==== Supplied material ====

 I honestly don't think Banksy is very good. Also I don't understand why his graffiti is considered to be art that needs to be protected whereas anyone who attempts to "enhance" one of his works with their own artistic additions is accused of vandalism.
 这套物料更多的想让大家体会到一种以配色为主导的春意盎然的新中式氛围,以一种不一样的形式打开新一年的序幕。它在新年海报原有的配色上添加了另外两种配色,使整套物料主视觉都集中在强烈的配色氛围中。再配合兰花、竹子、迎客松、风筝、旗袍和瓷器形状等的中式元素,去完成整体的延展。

====
==== Supplied material ====

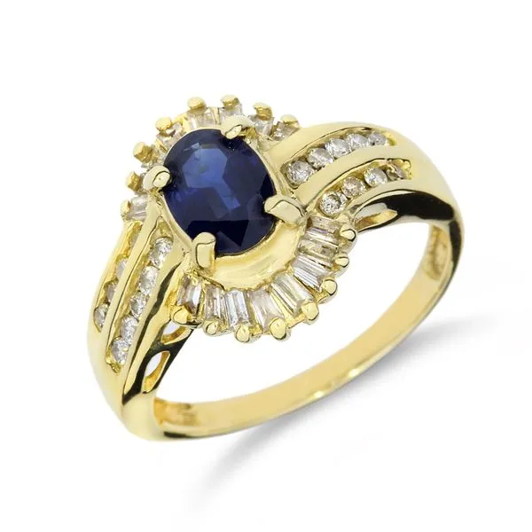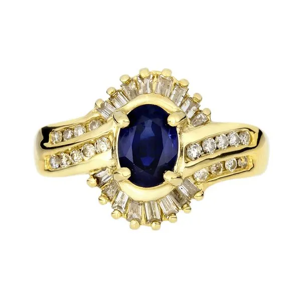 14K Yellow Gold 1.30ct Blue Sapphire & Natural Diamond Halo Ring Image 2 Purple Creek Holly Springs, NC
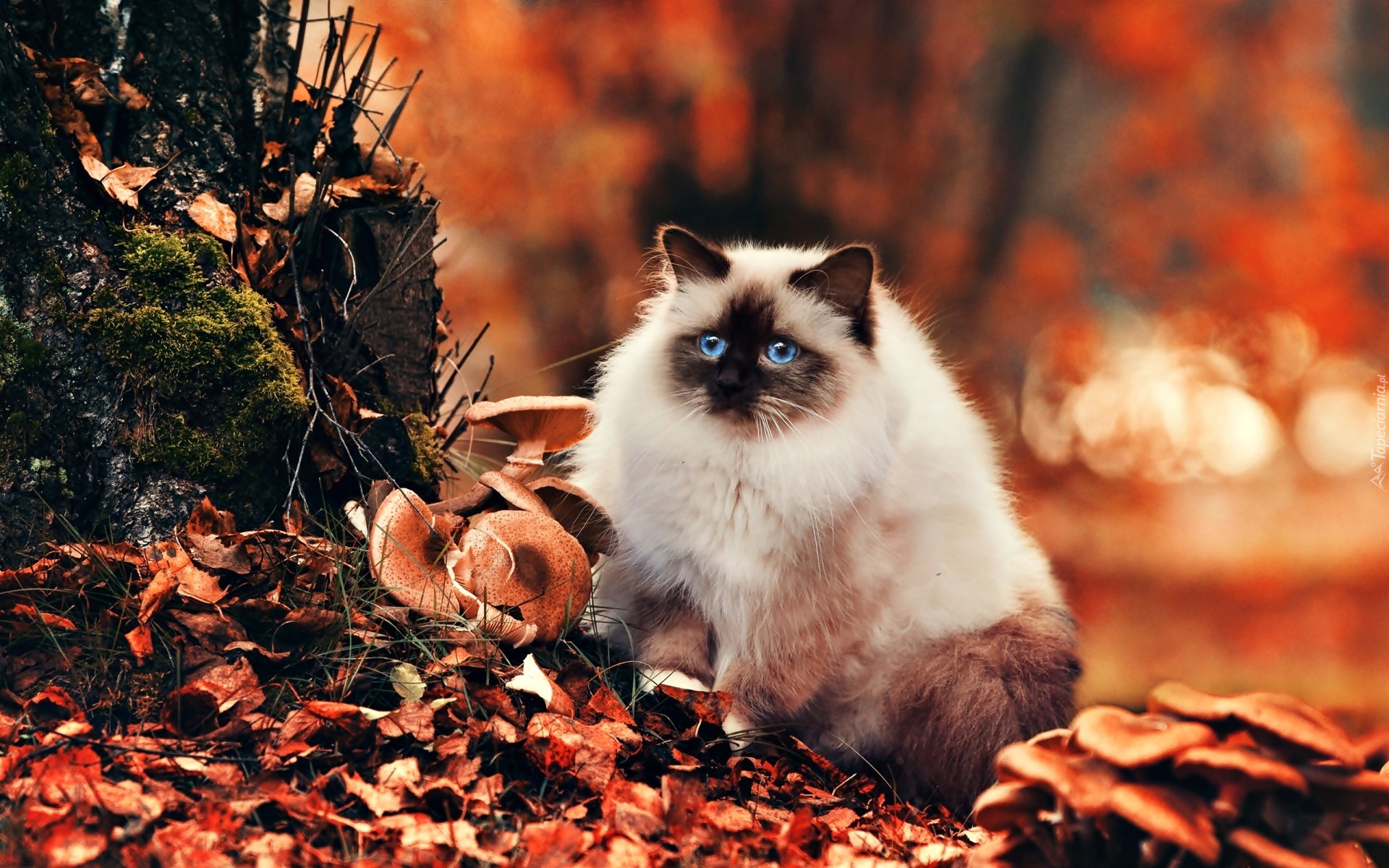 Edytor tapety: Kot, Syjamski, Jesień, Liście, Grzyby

====

**Work request**
All lines in the listing above from the line containing "I honestly don't" to the line containing "这套物料更多的想让大家体会到", inclusive, should be retyped exactly; no other lines should appear.

**Answer for this exercise**
 I honestly don't think Banksy is very good. Also I don't understand why his graffiti is considered to be art that needs to be protected whereas anyone who attempts to "enhance" one of his works with their own artistic additions is accused of vandalism.
 这套物料更多的想让大家体会到一种以配色为主导的春意盎然的新中式氛围,以一种不一样的形式打开新一年的序幕。它在新年海报原有的配色上添加了另外两种配色,使整套物料主视觉都集中在强烈的配色氛围中。再配合兰花、竹子、迎客松、风筝、旗袍和瓷器形状等的中式元素,去完成整体的延展。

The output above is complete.